Shell’s first-quarter profits exceeded market expectations on Thursday, as the energy major maintained its dividend and announced a further $4bn of share buybacks.
The company reported adjusted earnings of $9.6bn, easily surpassing average analyst estimates of $8bn. Although lower than the $9.8bn Shell reported in the final quarter of 2022, its latest profits eclipsed the $9.1bn it made in the first three months of last year when Russia’s invasion of Ukraine sent oil and gas prices soaring.
The bumper earnings were driven by improved operational performance and better results in trading, Shell said in a statement. That helped offset the effect of lower oil and gas prices.
The quarter was the first for the company under chief executive Wael Sawan, who took the top job in January. Sawan, a Shell lifer and former head of its oil, gas and renewables businesses, has pledged to focus on performance in a bid to close a yawning valuation gap between Shell and US rivals, which are valued at higher multiples of their cash flow.
To help close that gap, Shell has committed to using excess cash to repurchase its own shares. In the first quarter, Shell said it had returned $6.3bn to shareholders through $2bn in dividend payments and $4.3bn of share repurchases.
Last year, the group distributed $26bn to investors, including $18bn in share buybacks, as the upheaval in global energy markets helped the company to a record annual profit of $40bn.

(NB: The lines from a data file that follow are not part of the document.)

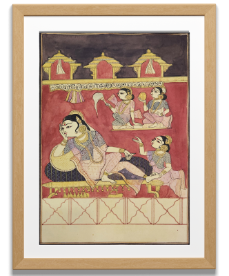A detailed miniature painting depicting a regal figure adorned in traditional jewelry and attire.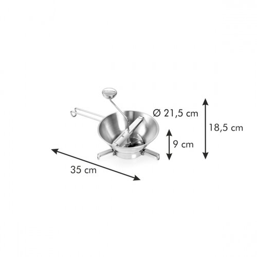 Pasírovač GrandCHEF značky Tescoma – skvelý pomocník pre pasírovanie surovej aj varenej zeleniny a ovocia.Je vynikajúci pre prípravu paradajkových, zemiakových, zeleninových alebo ovocných pretlakov a pyré a pod. V pasírovači GrandCHEF pripravíte pretlak zo surových alebo varených paradajok aj zo surového ovocia s mäkkou dužinou, napr. banánov, jahôd a pod. Ostatnú zeleninu a ovocie, napr. koreňová zeleninu , strukoviny, jablká a pod. pred pasírovaním povarte, aby zmäkli. Vďaka unikátnej plastovej zhrňovacej lopatke môžete ľahko a plynule pasírovat aj väčšie množstvo potravín.Vlastnosti: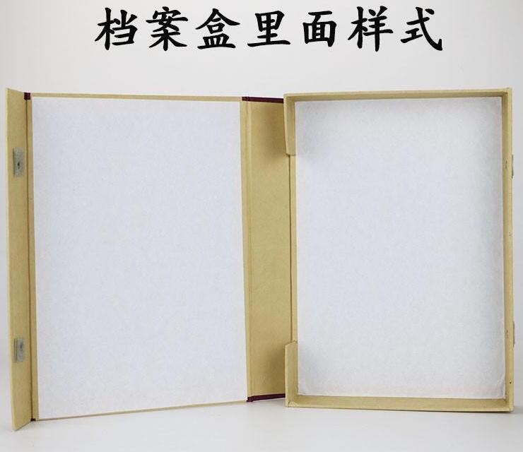 该档案盒采用工业纸板站街而成,通过棉布的连接,封面和脊背采用牛皮纸,里面使用白纸裱糊。...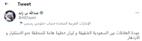 حيث قال الشيخ عبدالله بن زايد آل نهيان في تغريدة عبر حسابه الرسمي بموقع تويتر، إن عودة العلاقات بين السعودية وإيران تشكل خطوة هامة للمنطقة نحو الاستقرار والازدهار".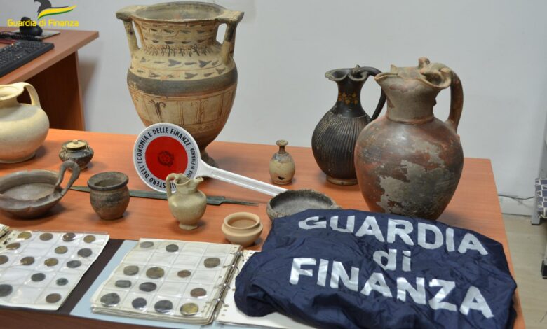 In particolare, sono state ritrovate più di 500 monete di periodo magno-greco, bizantino, romano risalenti ad un periodo storico ricompreso tra il IV a.C. ed il III d.C., di utilizzo corrente in diversi periodi della storia romana, come ad esempio, il periodo imperiale di Augusto, Traiano, Nerone, Vespasiano, Adriano, Marco Aurelio, Commodo, Caligola, Caracalla, Diocleziano, Giulio Nepote. Inoltre, sono state recuperati 13 pezzi tra anfore e vasellame vario di origine greca, alcuni dei quali appartenenti ad una prestigiosa raccolta denominata “Navarra”, risalente al VII e al VI secolo a.C., la cui originaria composizione era data da più di 600 esemplari, di stile protocorinzio, corinzio, ionico e attico con un valore stimato di oltre mezzo milione di euro, e anche una spada bronzea risalente all’età del ferro (IX-VII a.C.)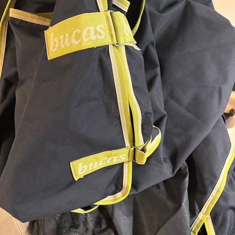 Bucas loimi sininen. Loimessa on Bucas-logokuvioitu sisävuori ja kiristysnyörit. Sopii hevosen suojaksi talliin, ulos tai kuljetukseen. Kuvissa näkyy repeämä, joka vaatii korjausta ennen käyttöä. Repeämä on loimen sisävuoressa. Huomioitu hinnassa!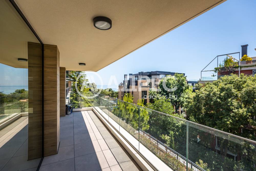 Представяме ви изключителен многостаен апартамент, изпълнен с естествена светлина и спираща дъха морска панорама. Имотът впечатлява не само с функционалното си разпределение, но и с високия стандарт на довършителни работи и модерни удобства. Жилището се състои от просторна родителска спалня с обособен дрешник, както и две уютни детски стаи, подходящи както за деца, така и за кабинет или гостна. На разположение са две модерни санитарни помещения — основна баня с тоалетна и вана, и втора баня с тоалетна и душкабина. И двете помещения са напълно оборудвани и завършени с внимание към детайла, включително музикални електрически огледала.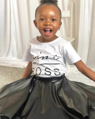 Style your little one in this mini-boss 2 piece outfit. This set includes a white t-shirt and a black A-line skirt. She will feel that she is in charge of her day and her life. What more could we want for the next generation of strong independent women?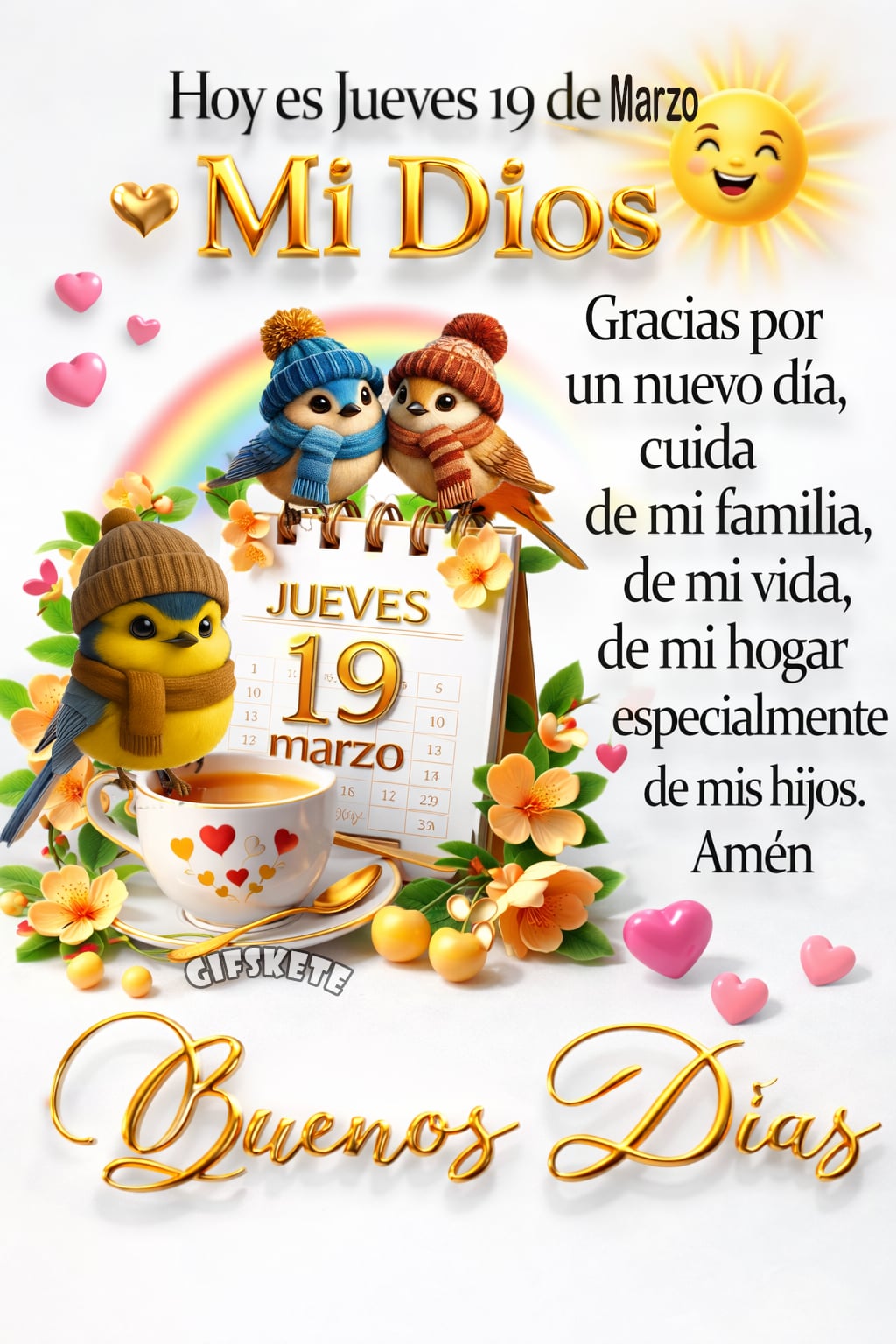 Hoy es jueves 19 de marzo. Mi Dios Gracias por un nuevo día; cuida de mi familia, de mi vida, de mi hogar, especialmente de mis hijos. Amén. Buenos días. Spread the love

The biggest earnings driver in the first quarter was the integrated gas business, which includes Shell’s giant liquefied natural gas trading operation. Higher LNG production at Shell’s Prelude operation in Australia helped offset falling prices, while trading had another strong quarter, delivering gas earnings of $4.9bn.
Like BP and TotalEnergies, Shell does not provide a full financial breakdown of the profitability of its commodity traders, but its vast trading operation is an increasingly important driver of profits. Analysts at Bernstein Research estimate that trading contributed about $16.6bn in earnings before interest, tax, depreciation and amortisation in 2022, representing 20 per of the group earnings.
Sawan insists he does not plan to change the strategy he helped develop under former chief executive Ben van Beurden but has also indicated he would consider boosting oil production rather than continue to let it fall by 1 to 2 per cent per year as Shell previously pledged.
Shell has said it would provide more guidance about the companies’ plans and targets at an investor day in the US on June 14.